Я, конечно, понимаю, что он имеет в виду.
– Но в Москве еще Лев Игнатьевич, - напоминаю я.
– Какова тут его роль, интересно бы знать. Ты как думаешь?
– Пока не ясно, - качает головой Эдик.
– А какую роль, по-твоему, играл Гвимар Иванович?
– Тоже пока не понятно.
– Могу я использовать твои данные в беседе с Купрейчиком, осторожно, конечно?
– спрашиваю я.
– У нас сегодня встреча.
– Понимаешь, - задумчиво говорит Эдик, - честно говоря, другому бы я не разрешил. Но тебе доверяю Только учти: главное - это не взбаламутить всю цепочку. Если в Южноморск сейчас поступит сигнал, это будет... Ну, ты сам понимаешь, что это будет А сигнал может поступить, если ты вдруг испугаешь Купрейчика. Он его и подаст.
– Или Лев Игнатьевич.
– Да, или он, если Купрейчик ему передаст, - соглашается Эдик и спрашивает: - Это тебе Шпринц сказал, что Купрейчик терпеть не может Льва Игнатьевича?
– Он.
– И что с Гвимаром Ивановичем он дружил?
– Это мне Купрейчик говорил.
– О! Тут у тебя кое-какая зацепочка есть, ты не находишь?
Эдик вопросительно смотрит на меня своими красивыми агатовыми глазами.
– Да, ты прав, - соглашаюсь я.
– Кое-что тут есть. Но главное в другом, я думаю. Чтобы Купрейчик ничего не передал Льву Игнатьевичу и не дал сигнал тревоги в Южноморск, его надо в этом заинтересовать, это должно быть ему невыгодно.
– Молодец?
– восхищенно восклицает Эдик.
– Умница!
Как всегда, его эмоции на порядок выше, чем следует. Подумаешь, какое великое открытие я сделал. Главное, придумать, как именно его заинтересовать, чем. И вот тут-то я пока ничего придумать не могу. А пока не придумаю, нельзя будет и использовать ценнейшие данные Эдика. Вот ведь какая петрушка!

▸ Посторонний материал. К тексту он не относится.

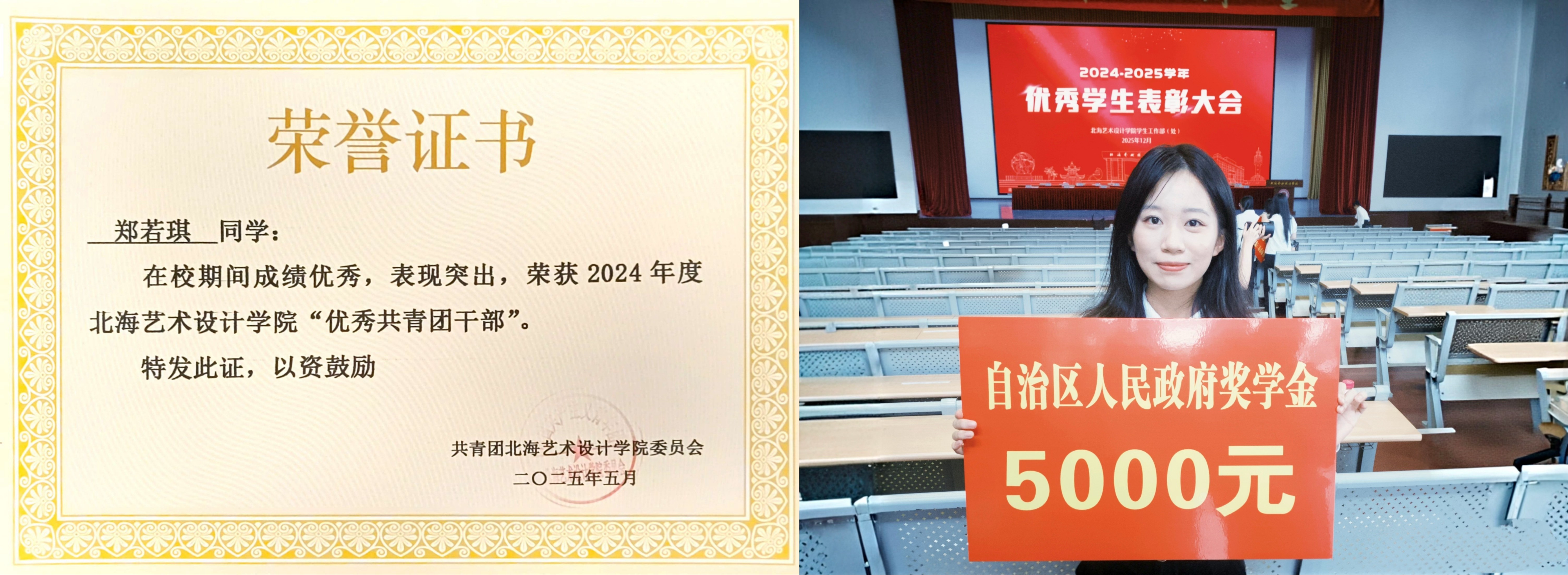 2025年12月,获北海艺术设计学院校级优秀学生干部荣誉称号;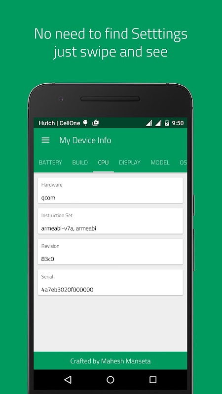 Non è necessario controllare le impostazioni e trovarle una per una in un modulo diverso del tuo smartphone, piuttosto scarica questa app e controlla tutte le Informazioni sul dispositivo in un unico posto, basta scorrere e controllare, nessuna navigazione noiosa.

– Что ты намерен делать дальше?
– спрашиваю я.
– Дальше я, видимо, отправлюсь в путешествие, - смеется Эдик - По твоим следам. Дашь рекомендательные письма?
– Если заслужишь.
– Как? Значит, я, по-твоему, их еще не заслужил?
– Эдик свирепо вращает глазами - Жалкий человек, что ты понимаешь! Да один Дмитрий Станиславович Ермаков чего стоит?
– Это все ты для себя стараешься, - шутливо возражаю я.
– Для себя?
– с грустным укором переспрашивает Эдик.
– А кто просил только что разрешение использовать мою добычу?
– Поймал, - сдаюсь я.
– Получишь письма.
– То-то, - удовлетворенно кивает Эдик и уже который раз смотрит на часы.
– Ты не думай, пожалуйста, что я тут заболтался с тобой. Просто пять минут лишних осталось. А теперь я пойду. Через три минуты ко мне кое-кто заглянуть должен. Привет!
Эдик стремительно поднимается, хватает свою папку и спешит к двери.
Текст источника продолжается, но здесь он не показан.